Q&A: Too Many Pets

Q. While ours is a pet-friendly community we do have rules and regulations that limit the number of pets that residents can keep. Our rules and regs state that owners may not have more than 2 pets, one of which may be a dog. One of the unit owners—who also happens to be, not surprisingly, a board member—keeps 4 dogs in her unit as pets—in clear violation of the rules. Since she is a board member, the board will not take action against her. Not only is this unfair, it is against the rules. What can we do to stop this violation of our pet policy?

                       —Board Rule Breaker

A. “While the Board of Directors has the right to create rules and regulations with respect to the operation and use of the property pursuant to Section 18.4(h) of the Illinois Condominium Property Act (“ICPA”) it is the fiduciary obligation of the Board to enforce any existing rule of the Association. See 18.4(r) of the ICPA. Furthermore, Section 18(b)(2) of the ICPA specifically provides that the association shall have one class of membership, which means everyone needs to be treated alike in terms of application of the rules, regardless of whether or not they sit on the board of directors,” explains Matthew Goldberg, Esq., of Bancroft, Richman & Goldberg, LLC.

 “Board members maintaining four dogs, where the rule only provides for one, is a clear violation of the rule and the remainder of the Board has a duty to enforce the rule. Your first step should be to formally demand, in writing, that the Board enforce the rule as required. If the Board fails to comply, you have a right to bring a “derivative action” against the board to require them to enforce the rule and against the offending unit owner/board member for their violation of the rule.
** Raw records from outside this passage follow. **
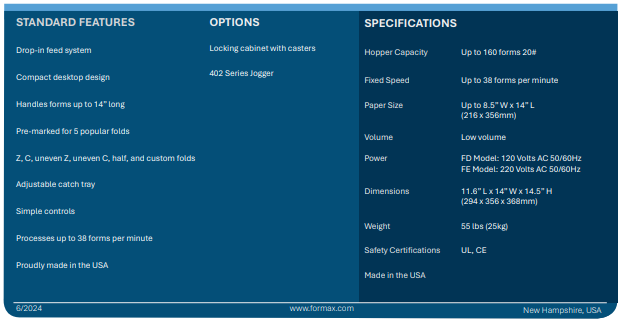 The clearly marked fold plates, simple ergonomic controls and drop-in feed system provide easy set-up and operation, right out of the box. These features, plus a compact desktop design, make the FD 1202 ideal for any office environment with low-volume applications. A processing speed of up to 38 forms per minute and the added capability of processing 14” forms enable operators to complete daily processing jobs with ease.
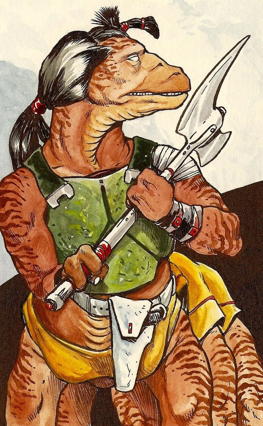 They evolved a primitive, tribal society based on a complex feudal system containing several rigid castes. Each caste had its own codes and rituals, but primary among all of them was the honor of battle. To the Sludir, combat is the surest test of individual power. No Sludir has ever fled from battle. They also have an intense desire to further their families, and the securing of an heir is extremely important. However, the Sludir's immense strength and unusual appearance makes them prime targets for slavers and mercenaries.
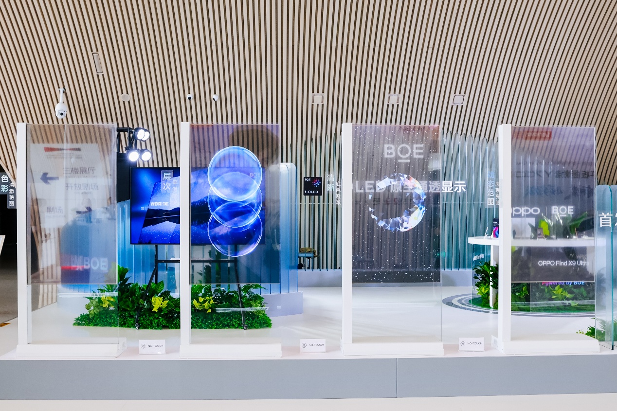 值得关注的是,BOE(京东方)联合OPPO 在一层大厅联合打造的“BOE 原生OLED通透显示”艺术特展,成为此次博览会的另一大核心看点。展区以“通透感”为主线,依次呈现四大模块:

A derivative action is a right that comes from the common law and is reserved to an individual (in this case a unit owner/member) to act on behalf of the corporation (the unit owners association being a corporation) to enforce a right belonging to the corporation where the board of directors has failed to do so.

 “In addition, you may have a claim against the board directly for breaching their fiduciary duty to you by failing to enforce the rule. Under Illinois Law, a fiduciary duty is the highest obligation one person can owe to another. It is considered to be sacred and a violation of this duty can result in individual liability for the board of directors. You may also be able to recover your legal fees expended in litigating this case.”